Stefan Dimitrov

Personal information
- Full name: Stefan Ivanov Dimitrov
- Date of birth: October 8, 1984 (age 41)
- Place of birth: Veliko Tarnovo, PR Bulgaria
- Height: 6 ft 1 in (1.85 m)
- Position: Forward

Youth career
- Etar Veliko Tarnovo

College career
- Years: Team / Apps / (Gls)
- 2006–2008: Concordia Clippers

Senior career*
- Years: Team / Apps / (Gls)
- 2001–2005: Etar Veliko Tarnovo / 7 / (2)
- 2009–2010: Chicago Fire / 12 / (0)
- 2011: New York Pancyprian-Freedoms
- 2012: Brooklyn Knights / 7 / (8)
- 2013–2014: New York Cosmos / 26 / (3)
- 2013: → Fort Lauderdale Strikers (loan) / 7 / (0)

= Stefan Dimitrov (footballer) =

Bulgarian footballer

Stefan Dimitrov (born October 8, 1984, in Veliko Tarnovo) is a Bulgarian footballer.

==Career==

===Early career in Bulgaria===
Dimitrov spent his early career in his native Bulgaria. Raise in the youth teams of his hometown club, Etar Veliko Tarnovo, he made his debut with Etar's first team at the age of 16. Dimitrov subsequently played four seasons with Etar in the Bulgarian B Group prior to his move to the United States. He played sparingly for Etar, appearing in 4 league matches during the 2003–04 season and three league matches during the 2004–05 season.

===College===
When Dimitrov's father won the green card lottery, the family relocated to New York City. Dimitrov played with an amateur Bulgarian team in Queens, New York before enrolling in and playing college soccer for Concordia College. Dimitrov was the leading scorer in the NCAA Division II Men's Soccer 2008 regular season with 23 goals in 17 games. He was also named to the 2008 Daktronics NCAA Division II Men's Soccer All-America Second Team and named the 2008 East Coast Conference Offensive Player of the Year.

===Professional===
Dimitrov was signed by Chicago Fire in March 2009, after being invited to try out with the team by head coach Denis Hamlett. He made his MLS debut on 13 June 2009, as a late substitute in a game against D.C. United.

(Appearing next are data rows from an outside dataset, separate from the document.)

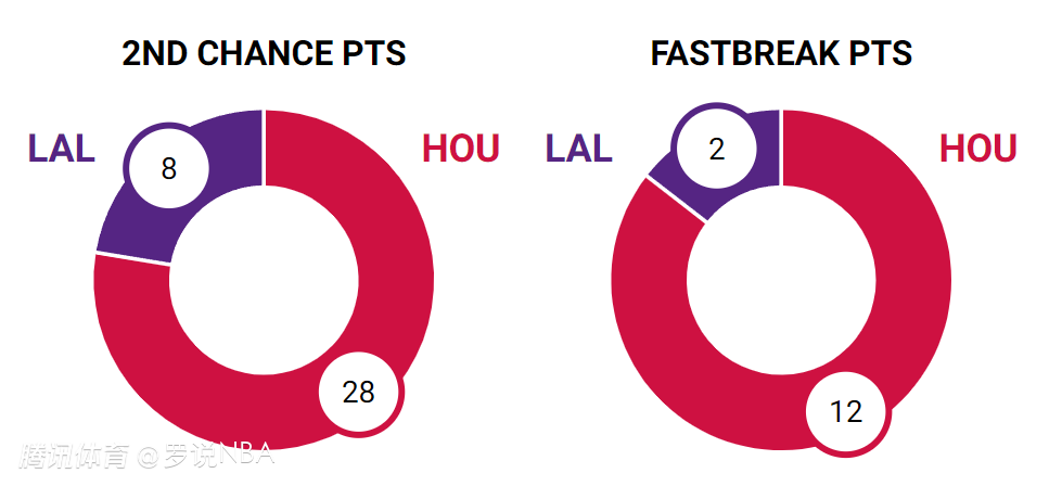 湖人本场比赛只抢到39个篮板,而火箭抢到49个篮板。差距主要体现在前场篮板上,湖人只有10个前场篮板,火箭抢到18个前场篮板,火箭通过二次进攻得到28分,湖人只有8分,另外火箭快攻得到12分,湖人只有2分。
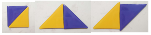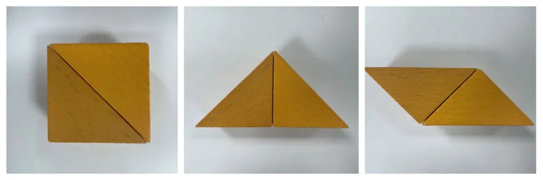 利用两个相同的三角形,你能拼出什么图形呢?这个游戏用积木或者七巧板都可以。
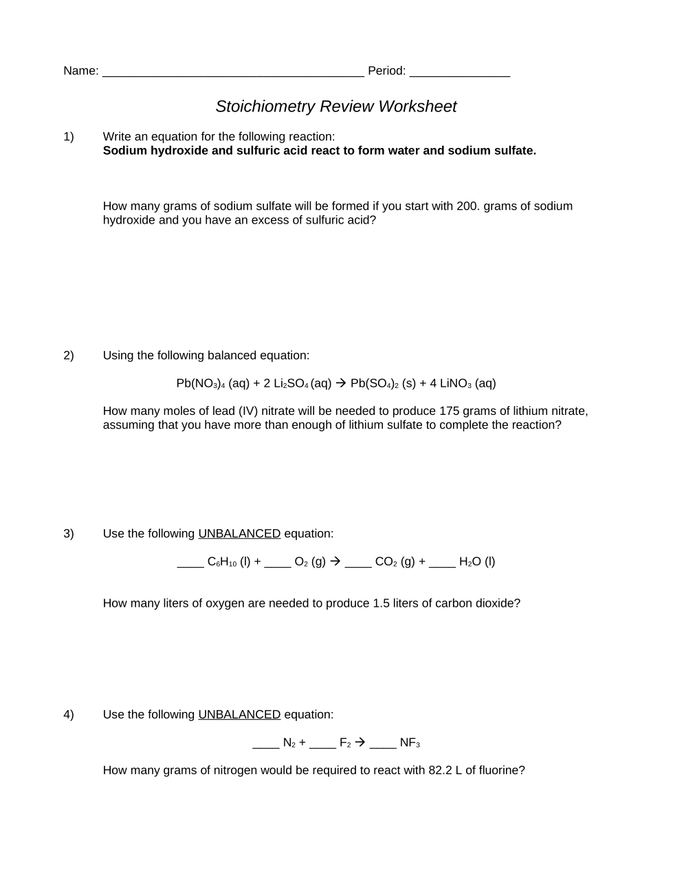 Use the following UNBALANCED equation: REMINDER, BALANCE THE EQUATION
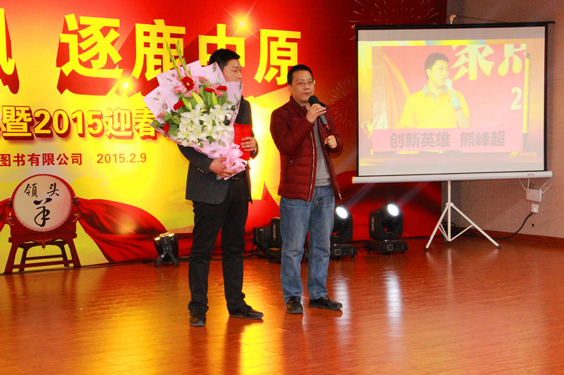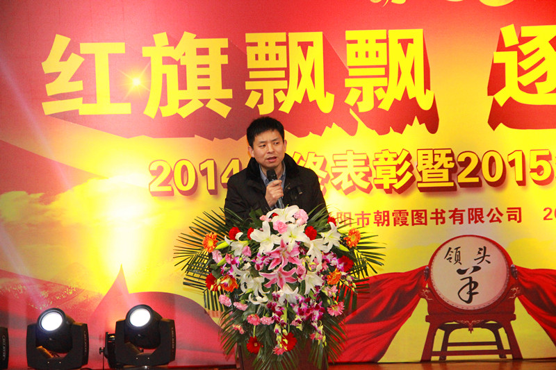 大會在激情、熱烈、活躍的氣氛中開場。首先由劉總致開幕詞,他指出,2014年我們提出“讓創(chuàng)新發(fā)生”這一口號并付諸實踐,取得了顯著成效,2015年,我們將繼續(xù)高舉“創(chuàng)新”的大旗,讓創(chuàng)新再發(fā)生,共同續(xù)寫朝霞圖書新的篇章!
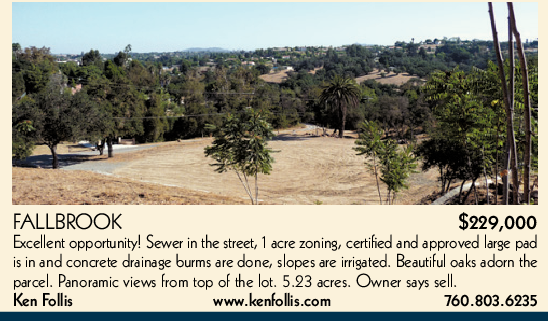 FALLBROOK $229,000 Excellent opportunity! Sewer in the street, 1 acre zoning, certified and approved large pad is in and concrete drainage burms are done, slopes are irrigated. Beautiful oaks adorn the parcel. Panoramic views from top of the lot. 5.23 acres. Owner says sell.
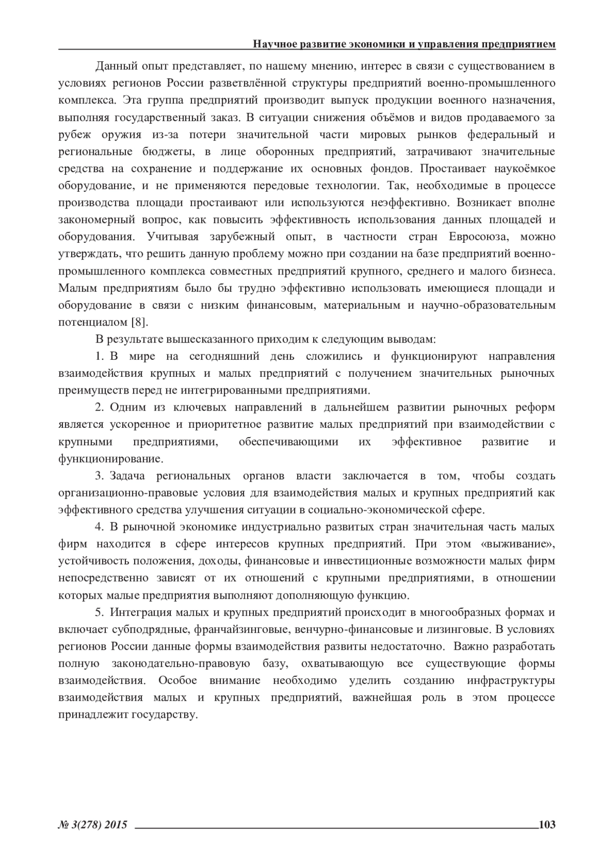 Предметом статьи является интеграция предпринимательских структур, способствующая развитию малых предприятий. В статье систематизированы и оценены основные виды и формы взаимодействия малых и крупных предприятий. В контексте развития малых предприятий на основе повышения их дополняющей роли во взаимодействии с крупными предприятиями, важно рассмотреть проблему эффективного использования имеющегося в стране научно-исследовательского потенциала, концентрации его на решении важнейших научно-технических задач, создании принципиально новой техники. Результативность функционирования малых предприятий и всей интегрированной структуры, будет напрямую связана с интересами и потребностями местного сообщества, поскольку механизм активизации системы взаимодействия построен на основе соблюдения условия сотрудничества власти, населения и предпринимателей. Главная цель при этом заключается в том, чтобы создать условия для эффективного взаимодействия предпринимательских структур и управления развитием малых и крупных предприятий

Dimitrov was released by Chicago on August 27, 2010. He played for the New York Pancyprian-Freedoms in the US Open Cup in 2011, before signing for New York Cosmos U-23 in 2011 and was selected as one of the U-23 players to participate in the Paul Scholes testimonial match between New York Cosmos and Manchester United.

On January 31, 2013, Dimitrov signed with the Cosmos for their inaugural season in the NASL. Two months later, he was loaned out to Fort Lauderdale Strikers for the Spring season.